Делаю здесь купюру в своей записи из сдержанности перед читателем, хотя и не уверен, что так действительно нужно: уж очень был Батулин в этом монологе – не без пластической силы – сам для себя типичен. К тому же не появлялось у него никаких таких карамазовских причмокиваний и восторгов, – рассказывалось всё прехладнокровно, даже сухо, и, помнится, именно эта суховатость рассказа вызывала во мне отталкивание. Он, видимо, почувствовал это, и в голосе его зазвучала, всё усиливаясь, какая-то полемическая, даже раздраженная нотка.

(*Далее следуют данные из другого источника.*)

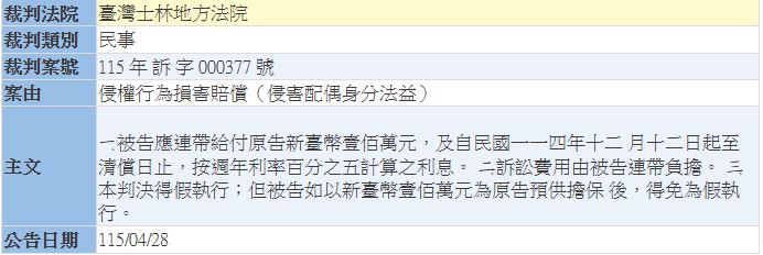全案今(28)天下午4時宣判出爐,士林地方法院宣判,被告粿粿、王子應連帶給付原告范姜彥豐新台幣100萬元,並自民國114年12月12日起至清償日止,按週年利率5%計算利息,此外訴訟費用由被告連帶負擔。至於判決書是否公開,法官認為應遮隱當事人姓名後,始予公開。

– Разумеется, ханжи и холуи духа понять этого не в состоянии. Но подлинно высокая, до непостижимости, красота – она, конечно, нерукотворна, она не в музеях, а рядом, в жизни, и прежде всего – в гармонически изваянном теле... Всё это знал я, конечно, и раньше, но открыл, как открывают прииски, только там, на этих дачках. И воспользовался открытием в меру тогдашнего своего озлобления и тоски и рекомендованного эпохой отказа от некоторых «прэнсипов»... Вы всё молчите? – заметил он вдруг, после небольшой паузы, весьма недружелюбно. – Голову дам на отрез, что, как и тогда, 17 лет назад, держите за пазухой вопросики. Давайте, чего же... теперь бояться друг друга нечего!

Почему-то, когда я оттаял у печки, стало меня вдруг знобить. Говорить не хотелось, и я ничего ему не ответил.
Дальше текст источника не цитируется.